Feature

Jerry Leiber, 1933–2011

The lyricist of the rock ’n’ roll revolution

Jerry Leiber was standing on a New York dock in 1956 when his longtime songwriting partner, Mike Stoller, landed after being rescued from the sinking ocean liner Andrea Doria. Leiber had a dry set of clothes and some news: Their song “Hound Dog,” written three years earlier for “Big Mama” Thornton, was all over the radio, sung by “some white guy” named Elvis.

That was a milestone in a 60-year partnership whose “sassy lyrics and playful melodies” allowed American teenagers “to enjoy their youth and poke fun at their elders,” said the Los Angeles Times. Elvis Presley reinvented the lyrics of that first hit, singing, “You ain’t never caught a rabbit and you ain’t no friend of mine.” Leiber later commented, “I’d never write such a dumb line.” But the record sold 7 million copies and launched a lucrative partnership with Presley, who also recorded such Leiber and Stoller hits as “Trouble” and “Jailhouse Rock.”

Leiber was born to a widow who ran a grocery store on the edge of Baltimore’s ghetto, but he moved to Los Angeles as a teenager and soon met Stoller. The two “began writing music together almost instantly,” said Rolling Stone, and within a few years, they were “the hottest songwriters in the business.”

And no wonder, said The Village Voice. Leiber was “one of the shrewdest lyricists in history,” setting up familiar story lines that were “perfect for the emerging teenage audience.” Their song “Yakety-Yak,” for example, captures the tension between duty-driven parents and adolescents who’d rather do anything than “take out the papers and the trash.” The cheeky tune “Poison Ivy”—“You’re gonna need an ocean of calamine lotion”—was, Leiber freely admitted, “a metaphor for a sexually transmitted disease—the clap.’’

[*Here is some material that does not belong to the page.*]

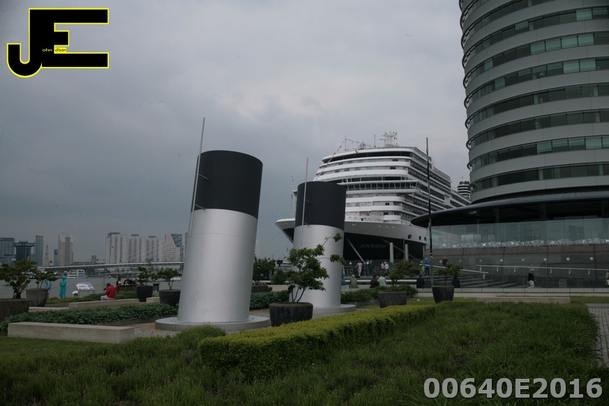 19-05-2016 Nieuw cruiseschip MS Koningsdam legt aan in Rotterdam bij Wilhelmina kade

Leiber and Stoller’s output went beyond such “timeless, mischievous tunes,” said The Philadelphia Inquirer. They collaborated with Ben E. King on the classic “Stand By Me,” and with Phil Spector on “Spanish Harlem.” The pair also wrote Peggy Lee’s hit ballad “Is That All There Is?” and Stealers Wheel’s 1972 hit “Stuck in the Middle With You.” Critic John Lahr wrote, “They corrupted us with pleasure.”